Print version ISSN 0074-0276On-line version ISSN 1678-8060

Mem. Inst. Oswaldo Cruz vol.97  suppl.1 Rio de Janeiro Oct. 2002 


Characterization of Sm14 Related Components in Different Helminths by Sodium Dodecyl Sulphate-Polyacrylamide Gel Electrophoresis and Western Blotting Analysis

Vol. 97(Suppl. I): 115-116, 2002

Nilton Thaumaturgo, Mônica Magno Vilar, Ricardo Edelenyi, Miriam Tendler+

Laboratório de Esquistossomose Experimental, Departamento de Helmintologia, Instituto Oswaldo Cruz-Fiocruz, Av. Brasil 4365, 21045-900 Rio de Janeiro, RJ, Brasil

Sm14 was the first fatty acid-binding protein homologue identified in helminths. Thereafter, members of the same family were identified in several helminth species, with high aminoacid sequence homology between them.

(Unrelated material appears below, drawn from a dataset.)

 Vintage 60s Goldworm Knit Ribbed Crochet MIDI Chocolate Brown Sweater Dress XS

In addition, immune crossprotection was also reported against Fasciola hepatica infection, in animals previously immunized with the Schistosoma mansoni vaccine candidate, r-Sm14. In the present study, data on preliminary sodium dodecyl sulphate-polyacrylamide gel electrophoresis and Western blotting analysis of nine different helminth extracts focusing the identification of Sm14 related proteins, is reported. Out of these, three extracts – Ascaris suum (males and females), Echinostoma paraensei, and Taenia saginata – presented components that comigrated with Sm14 in SDS-PAGE, and that were recognized by anti-rSm14 policlonal serum, in Western blotting tests.

Key words: Sm14 - Schistosoma mansoni - immune crossreaction - fatty acid-binding protein

Crossreaction among helminths has been extensively described for decades (Hillyer et al. 1988), although the true biological role of such crossreaction remained to be more clearly elucidated.

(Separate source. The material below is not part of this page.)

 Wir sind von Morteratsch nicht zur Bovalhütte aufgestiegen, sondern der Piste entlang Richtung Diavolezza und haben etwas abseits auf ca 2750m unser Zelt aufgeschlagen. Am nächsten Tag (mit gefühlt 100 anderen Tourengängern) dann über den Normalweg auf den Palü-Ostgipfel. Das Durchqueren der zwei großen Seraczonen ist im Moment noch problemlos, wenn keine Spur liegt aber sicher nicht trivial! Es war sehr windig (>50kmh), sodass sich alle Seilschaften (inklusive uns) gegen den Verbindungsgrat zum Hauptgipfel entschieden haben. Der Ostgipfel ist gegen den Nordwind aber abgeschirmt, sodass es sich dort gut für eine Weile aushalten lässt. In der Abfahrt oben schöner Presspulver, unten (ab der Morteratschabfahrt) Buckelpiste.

Heterologous resistance between Schistosoma mansoni and Fasciola hepatica has been reported by Hillyer and coworkers (Hillyer 1987, Christensen et al. 1987, Hillyer et al. 1988, Hillyer 1995). In previous studies it has been described that the recombinant molecule, r-Sm14, derived from S. mansoni adult worm extract, induces immune crossprotection against infection by F. hepatica in Swiss outbred mice (Tendler et al. 1996). Rodriguez-Perez et al. (1992) demonstrated a high aminoacid sequence homology between Sm14 and the F. hepatica fatty acid-binding protein (FABP), called Fh15, possibly responsible for the reported crossprotection.

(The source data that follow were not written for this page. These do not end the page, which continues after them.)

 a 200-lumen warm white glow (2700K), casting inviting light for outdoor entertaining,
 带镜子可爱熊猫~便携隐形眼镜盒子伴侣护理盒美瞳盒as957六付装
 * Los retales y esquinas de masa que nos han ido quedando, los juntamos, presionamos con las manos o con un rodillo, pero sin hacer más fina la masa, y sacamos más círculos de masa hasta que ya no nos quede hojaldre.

Sm14 was the first FABP homologue identified in helminths (Moser et al. 1991). Thereafter, members of the same family were identified in several helminth species, with high aminoacid sequence homology between them: S. japonicum-Sj-FABP (Becker et al. 1994); Dictyocaulus viviparus (Britton et al. 1995); Monienzia expansa-Monienzia LBP (Janssen & Barret 1995); Toxocara canis-TcSL-2 (Gems et al. 1995); Dirofilaria immitis (Poole et al. 1996); Echinococcus granulosus- EgDf1 (Esteves et al. 1997); F. gigantica-Fg-FABP (Smooker et al. 1997); Ascaris suum-As-p18 (Mei et al. 1997); and Brugia malayi (Michalski & Weil 1999).

The FABPs may be particularly important to schistosomes in the uptake, transport and compartimentalization of host derived fatty acids, since these parasites lack the oxygen dependent pathways required for the synthesis of sterols and fatty acids (Esteves et al. 1997).

Specifically, in the case of A. suum, that was included in this study, the FABP homologue component, As-p18, presented similar levels of aminoacid sequence homology, for Sm14 and Fh15 (respectively 28% and 30%) (Mei et al. 1997). Esteves et al. (1997), presented a philogenetics analysis of helminth FABPs, in which it was demonstrated that Sm14 and Fh15 are closely related to Sj-FABP and EgDf1.

Present data refer to preliminary SDS-PAGE and Western blooting analysis of nine different helminth extracts focusing the identification of Sm14 related proteins.

Extracts were prepared basically as described previously for S. mansoni (Tendler & Scapin 1979, Tendler et al. 1982, Thaumaturgo et al. 2001). Additional members of the three major helminth taxonomic groups, such as Echinostoma paraensei (Trematode), Hymenolepis diminuta, Dipylidium caninum and Taenia saginata (Cestodes) and Aspiculuris tetraptera, Toxocara sp., A. suum (males and females) and Toxocara canis (Nematodes) were subjected to SDS-PAGE and Western blotting analysis (Towbin et al. 1979).

In three out of nine helminth species – A. suum (males and females); E. paraensei; and T. saginata – it was detected parasite proteins that clearly comigrated with r-Sm14 in SDS-PAGE. In addition, these proteins were recognized by anti-rSm14 policlonal serum, in Western blotting (Figs 1,2).

Herein presented results indicate the occurrence of immune crossreaction mediated by Sm14 and components of different helminth species, in which homologous members to FABP family were previously detected. Considering that significant immune crossprotection has been formerly described for the related trematodes, S. mansoni and F. hepatica in animals previously vaccinated with r-Sm14, it is reasonable to further investigate this mechanism in other helminth infections.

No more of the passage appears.